Con l’approvazione di molti conduttori e presentatori, preoccupati di salvare i propri programmi e il proprio stipendio, Renzi sembra aver ottenuto anche l’appoggio di alcuni dirigenti, prima fra tutti la Berlinguer, che si sono dissociati dallo sciopero che l’Usigrai aveva programmato per l’11 giugno, ma che ha finito per revocare. I 150 milioni non costituiscono un problema, sostiene il Sindacato Rai, ma possono essere recuperati con una riorganizzazione della gestione dell’azienda e con una lotta mirata all’evasione del canone, senza alcuna necessità di intervenire sull’informazione regionale. Senza contare che se il governo, per giunta un governo di sinistra, togliesse in modo indiscriminato soldi al servizio pubblico, si creerebbe un precedente potenzialmente pericoloso per la sopravvivenza dell’azienda e dell’informazione italiana.
In Europa non sembra che le sedi regionali godano di scarsa considerazione come in Italia.

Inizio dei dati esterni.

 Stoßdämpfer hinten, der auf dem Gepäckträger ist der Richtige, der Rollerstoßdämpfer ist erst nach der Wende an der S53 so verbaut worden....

La Germania ad esempio basa su di esse tutto il suo sistema informativo, ed è a partire da queste sedi e dai loro dirigenti che si crea l’informazione a livello nazionale. La Bbc invece nomina in ogni regione un National Broadcasting Council (Nbc), con il compito di andare incontro agli interessi specifici di ogni territorio. E’ chiaro che ciò che è notizia per un cittadino di Oxford può non avere rilevanza per uno di Glasgow.

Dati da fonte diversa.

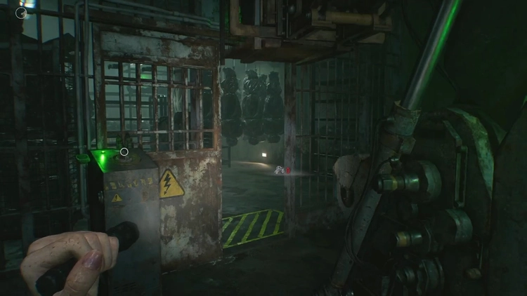 懸吊室で回転している死体袋に合わせて右奥へと進もう。1つ奥へ進むと障害物があるので、動かすことで手前に戻る道を確保できる。

E’ allora saggio limitare la prospettiva dell’informazione a Roma? E’ Roma in grado di produrre un’informazione variegata che vada incontro agli interessi tanto dei lombardi quanto dei siciliani? E lo spreco della Rai sta nel mantenere le sedi regionali o nel fatto che le potenzialità di quelle sedi non sono sfruttate, a favore di un accentramento romano che sembra favorire solo programmi come Agorà e La vita in diretta?
Il premier Renzi non deve essersi posto troppe domande, pur di accontentare chi a lui inneggia come al rinnovatore di un Paese vecchio e corrotto. Ma forse quando si tratta di servizio pubblico un’attenta considerazione delle posta in gioco risulta necessaria.